[What is needed] Give the entries again exactly; drop the pictures.

[Data section]
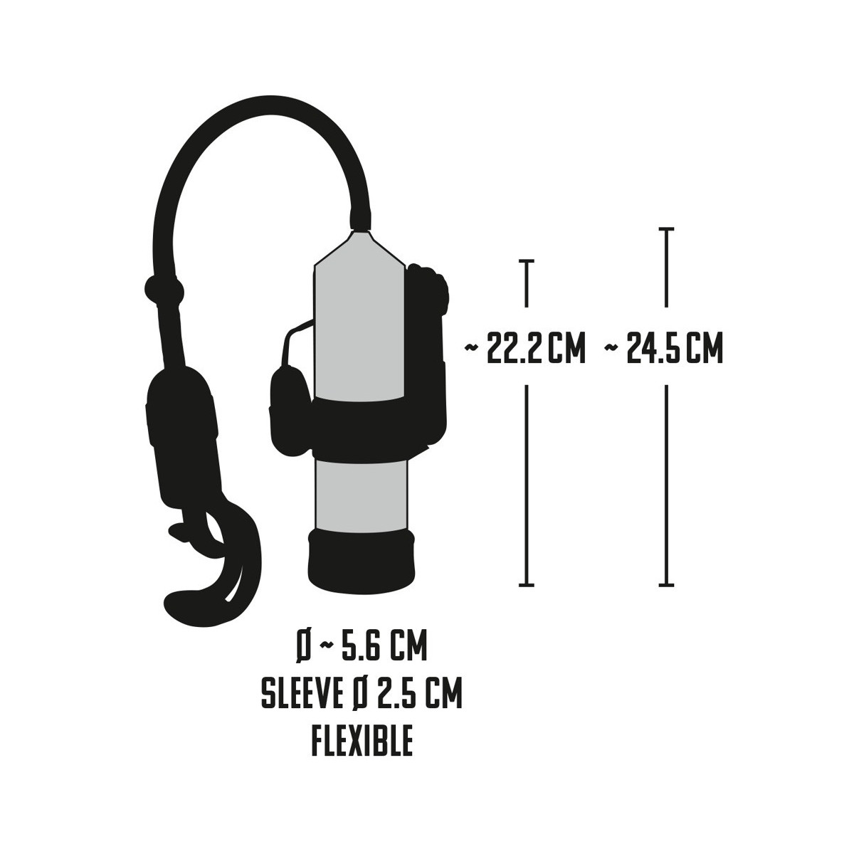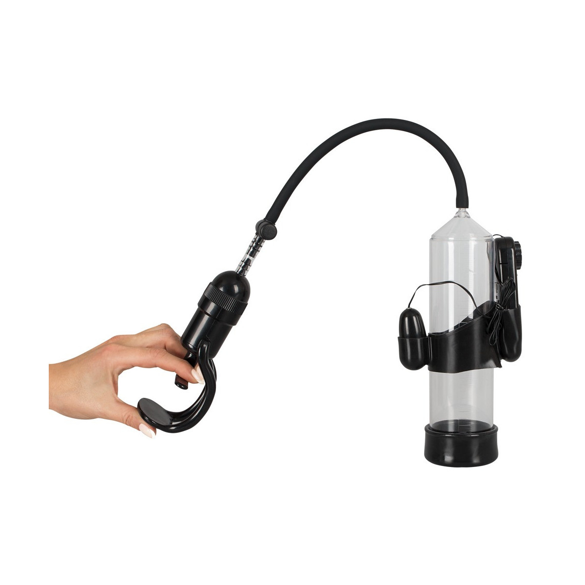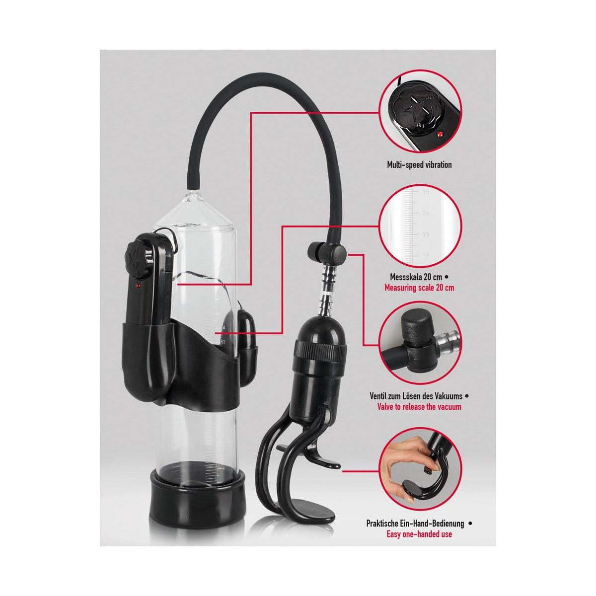 Il pene lubrificato viene inserito nel cilindro trasparente (con scala di misurazione di 20 cm!) e per mezzo della pratica pompa a una mano si crea un vuoto efficace in modo rapido e confortevole, che fa gonfiare il pezzo migliore fino alla sua massima dimensione e forma. Con la vibrazione attivata, l'allenamento è due volte più divertente! Il Vibrobullet per la vibrazione a più velocità può essere rimosso dal manicotto elastico sul cilindro insieme all'unità di controllo e può essere utilizzato anche da solo, ad esempio per i preliminari. Pompa a una mano con valvola di pressione di sicurezza.
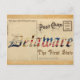 This vintage look old postcard has the state of Delaware on it with a eagle flag design in the letters. Give this to anyone or keep it as a collectable.
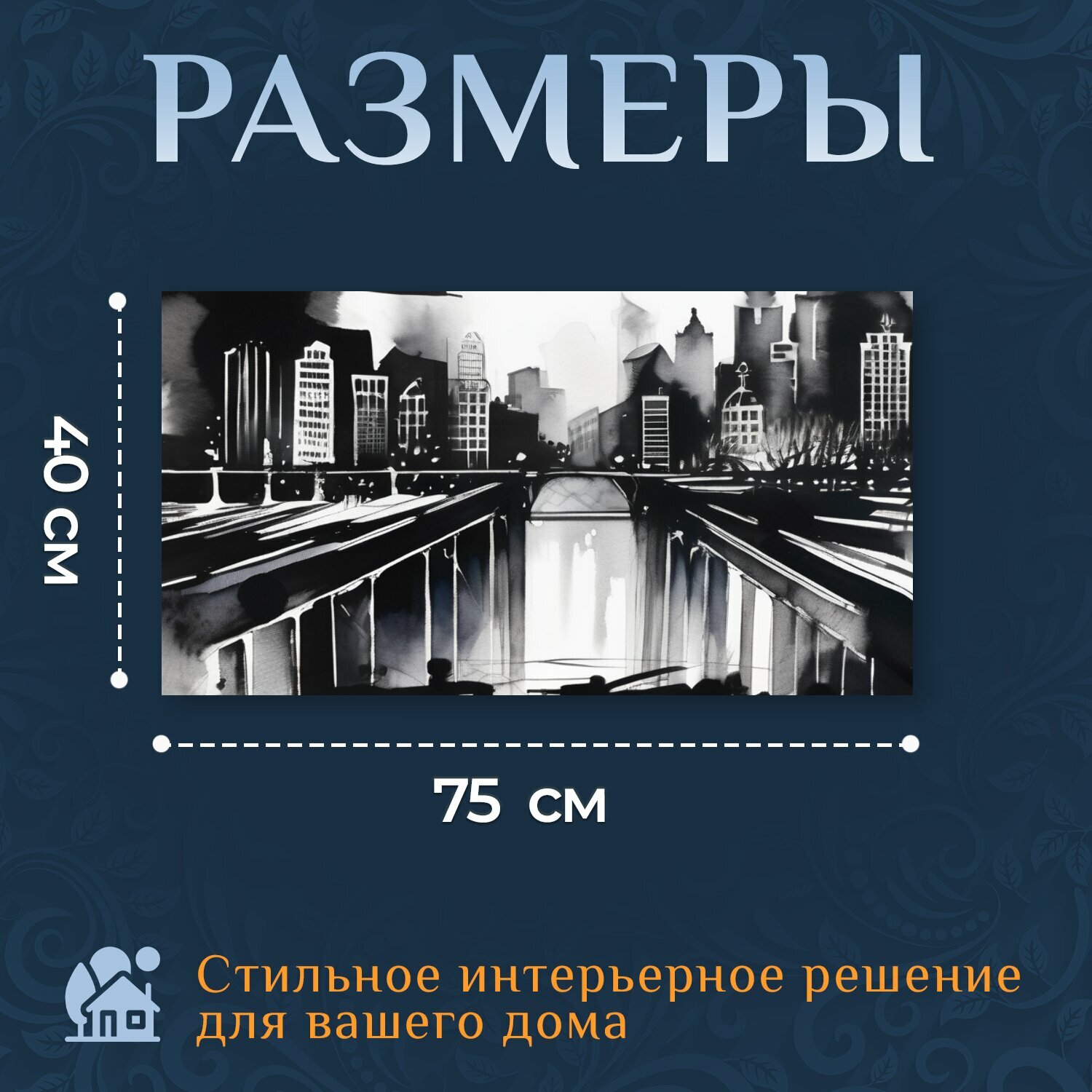 Картина на холсте "Черный город, в стиле акварель" на подрамнике 75х40 см. для интерьера интересное:
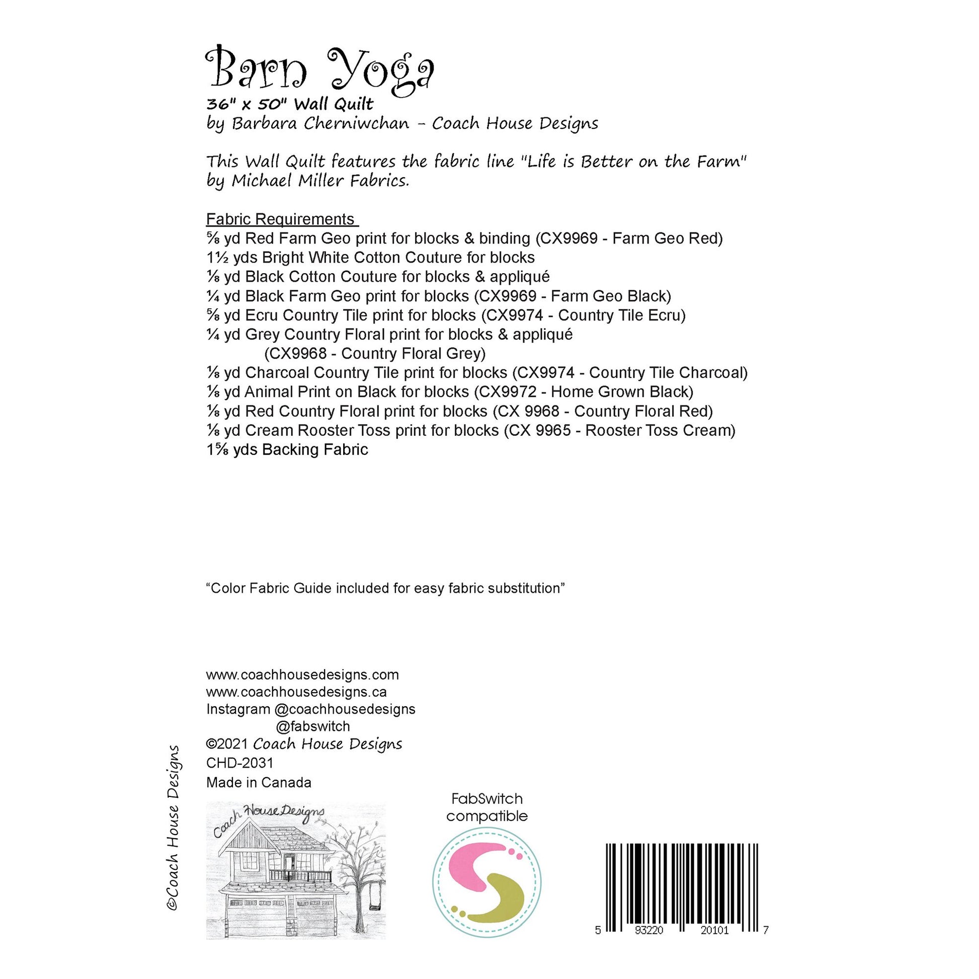 Barn Yoga is the all-season version of All Stacked Up and features "Life is Better on the Farm" fabric by Michael Miller Fabrics.  Wall quilt measures 36" x 50", is mostly piecing and not for the beginner quilter.  Fabric will be in stores August 2021.
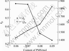 Fig.6 Variation of kp and Qm of PMS-PZT ceramics with content of PMS

[Written response]
 Il pene lubrificato viene inserito nel cilindro trasparente (con scala di misurazione di 20 cm!) e per mezzo della pratica pompa a una mano si crea un vuoto efficace in modo rapido e confortevole, che fa gonfiare il pezzo migliore fino alla sua massima dimensione e forma. Con la vibrazione attivata, l'allenamento è due volte più divertente! Il Vibrobullet per la vibrazione a più velocità può essere rimosso dal manicotto elastico sul cilindro insieme all'unità di controllo e può essere utilizzato anche da solo, ad esempio per i preliminari. Pompa a una mano con valvola di pressione di sicurezza.
 This vintage look old postcard has the state of Delaware on it with a eagle flag design in the letters. Give this to anyone or keep it as a collectable.
 Картина на холсте "Черный город, в стиле акварель" на подрамнике 75х40 см. для интерьера интересное:
 Barn Yoga is the all-season version of All Stacked Up and features "Life is Better on the Farm" fabric by Michael Miller Fabrics.  Wall quilt measures 36" x 50", is mostly piecing and not for the beginner quilter.  Fabric will be in stores August 2021.
 Fig.6 Variation of kp and Qm of PMS-PZT ceramics with content of PMS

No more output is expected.